The roads were once again startlingly empty and I rolled unimpeded north east of Bancroft and around the 648 ring road through Highland Grove and Pusey before finally connecting to my favourite Ontario highway: 118. Even with some traffic and construction I was still well in my Zen pocket.
The Kosy Korner in Haliburton is what you’d expect from a $10 country breakfast: 2 eggs, bacon, toast and tatters and bottomless coffee. The service was incredibly quick (less than 5 minutes from ordering to eating), but it was getting full of locals so I decamped to the Upper River Trading Co. where I got a nice Balzac coffee and people watched while going over the map for the day.

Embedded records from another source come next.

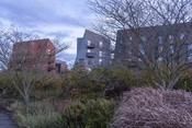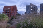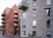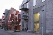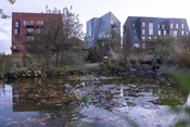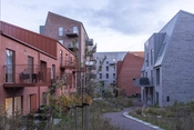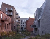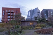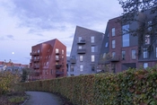 Den 11.800 m² store bebyggelse Æbleøen rummer 146 boliger, 10 byhuse og 136 lejligheder, beliggende lige ved Botanisk Have i Aarhus.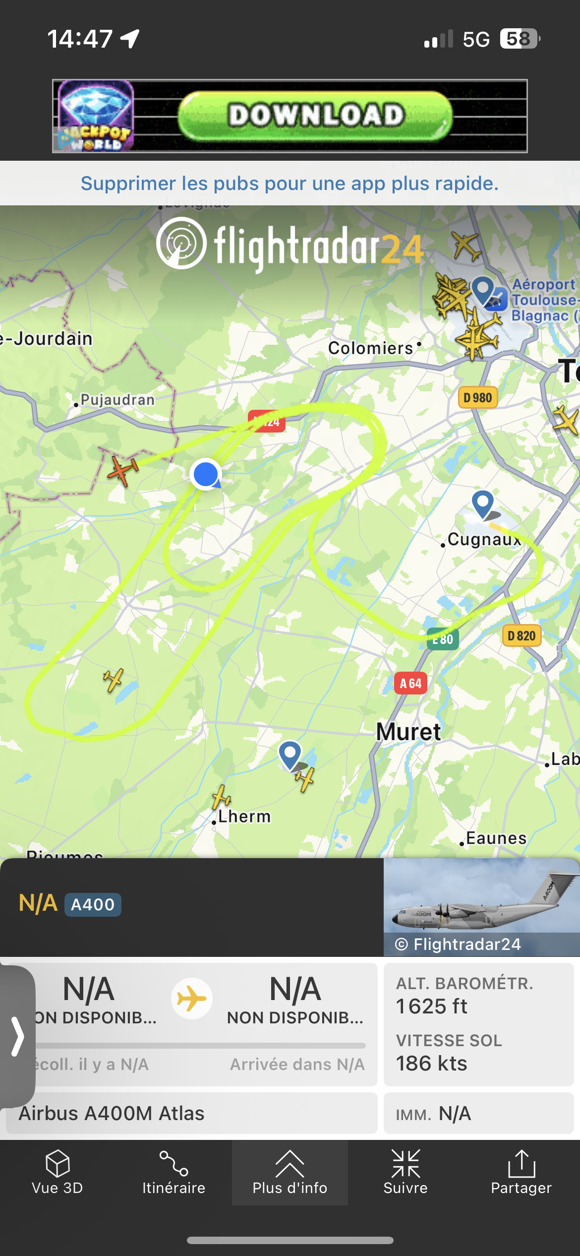 depuis quelques jours passages répétés de l'A400M a l'atterrissage ET au décollage pourquoi? et bien sûr toujours tres tres bas au dessus des maisons....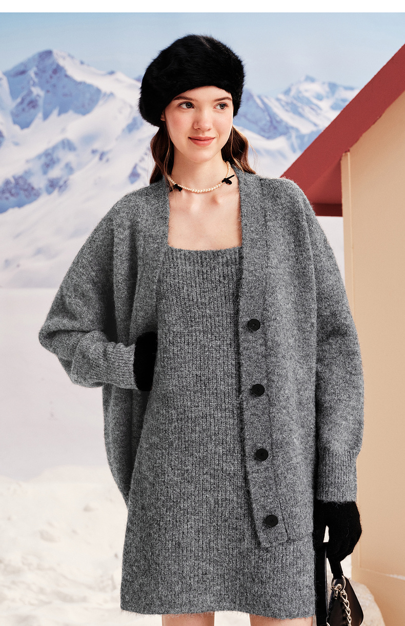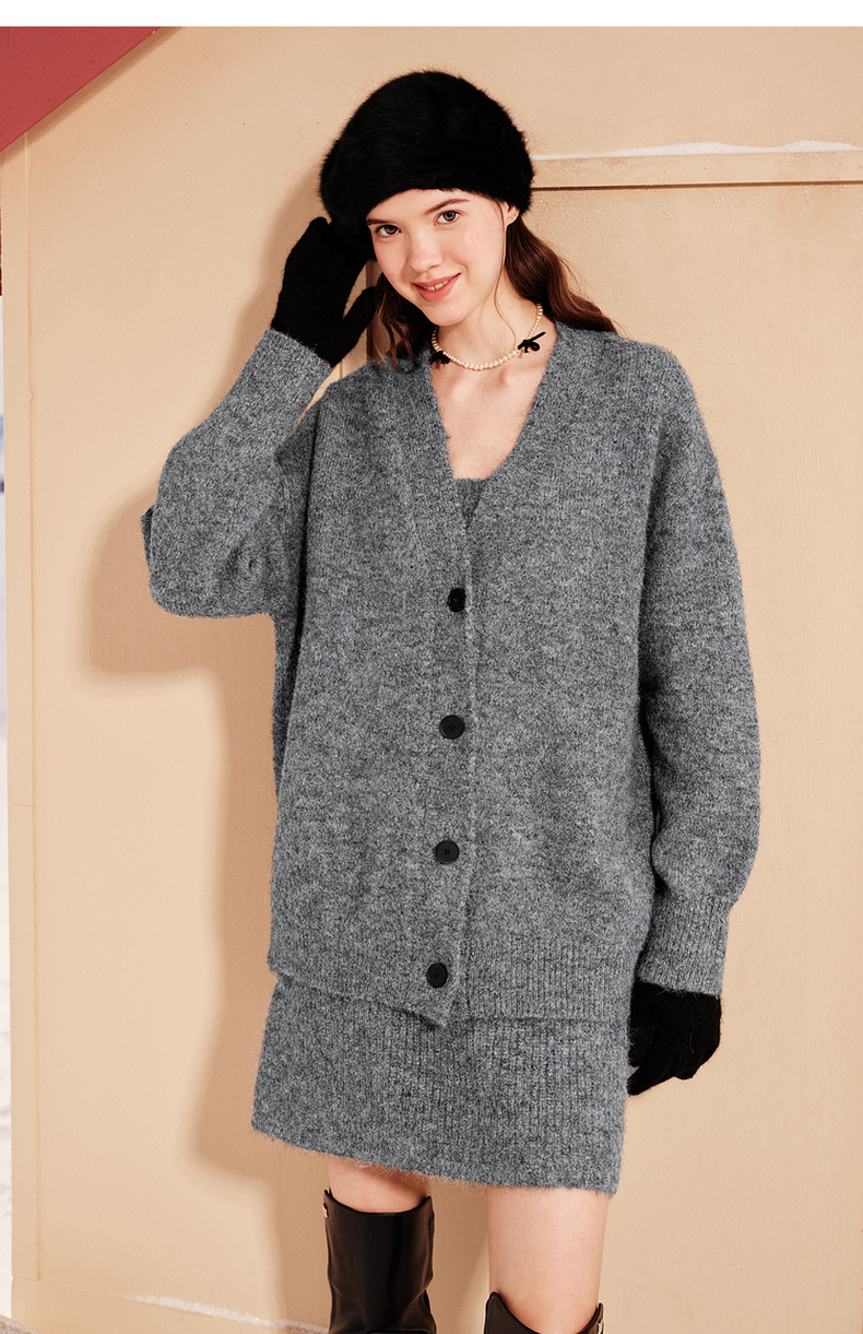 【严选】诗凡黎冬宽松羊驼毛开衫SEA431401

Feeling full and caffeinated, I hit the road out of Haliburton by 10am and subsequently enjoyed one of the most meditative rides down an empty 118 yet. Mysterious black lakes and rivers appear on the side of the road and wind into the never ending forest, hinting at what may be beyond. The road weaves through ancient rock and living nature like the best kind of Canadian poetry.
|Cathedrals of stone…
|The animals here be prehistoric!
|A ride down a near empty Hwy 118 is something to look forward to.
Not as busy as the road into Algonquin, the 118 offers similar views without the maddening crowds. As I approached Bracebridge the mania returned. Like many places within reach of the GTA, Bracebridge has turned into a pale imitation of it over the past decade as its population has exploded. As a general rule, the larger and more austentatious the vehicle, the more likely they are to drive like a tool. The first one was a Cadillac Escalade, the rolling definition of fuck-the-world-and-get-yours consumerism, which blew past me at 120+kms/hr (I was doing 95 in an 80 zone). With the Zen bubble popped I switched on my rampant biker paranoia and eased back into the super-heated and pressurized world of Southern Ontario driving culture.
I still eked moments out of the ride through Port Carling to Bala and out through the Mohawk territories to the 400 Highway, but once on the 400 Southern Ontario’s driving mania was in full force as I pulled out onto the highway to discover the trucks all doing 120+kms/hr and the rest doing better than 140. Accelerate or be a moving chicane that’s likely to get rear ended by some doofus in an SUV doing 150kms/hr while looking at his phone.
Back into my usually riding range, I stopped in Creemore for a quick bite having not had anything to eat since breakfast at Kosy Korner that morning. From here in it’s lots of flies and straight lines. The next morning we sat on the porch with a cup of coffee at 7am while enjoying the symphony of backup beepers (5 or 6 of them at once?) along with the bullet crack of nail guns building more houses in the once empty field behind our subdivision. The tintinnabulation of construction was eventually drowned out by our neighbour’s lawn service showing up with their helicopter-loud professional lawn mower (to cut about 200 square feet of grass). We gave up at that point and went inside. Maybe we spend so much time on connected devices in our urban hell holes because we’ve made them so uninhabitable IRL.
There are some beautiful places to live out of the madness that are only an hour out of Ottawa. If we could escape the grip of Southwestern Ontario, perhaps we could find something more livable (and rideable) in the east. I’ve always wanted to live somewhere where you could enjoy the ride at your backdoor, Calabogie delivers it!
Looking back over my longer rides, I think four days is the longest I’ve ever been able to arrange for a motorcycle trip. Max and I did a four day loop around Ontario and Michigan many years ago, but busy work/life responsibilities makes it difficult to pry more time free, though that’s maybe what I need to find balance in this chaos. A colleague just spent 60 days this summer riding out to the west coast to do the PCH. My mind feels rebooted after four days away, I can’t imagine how he’s feeling, but I’d like to.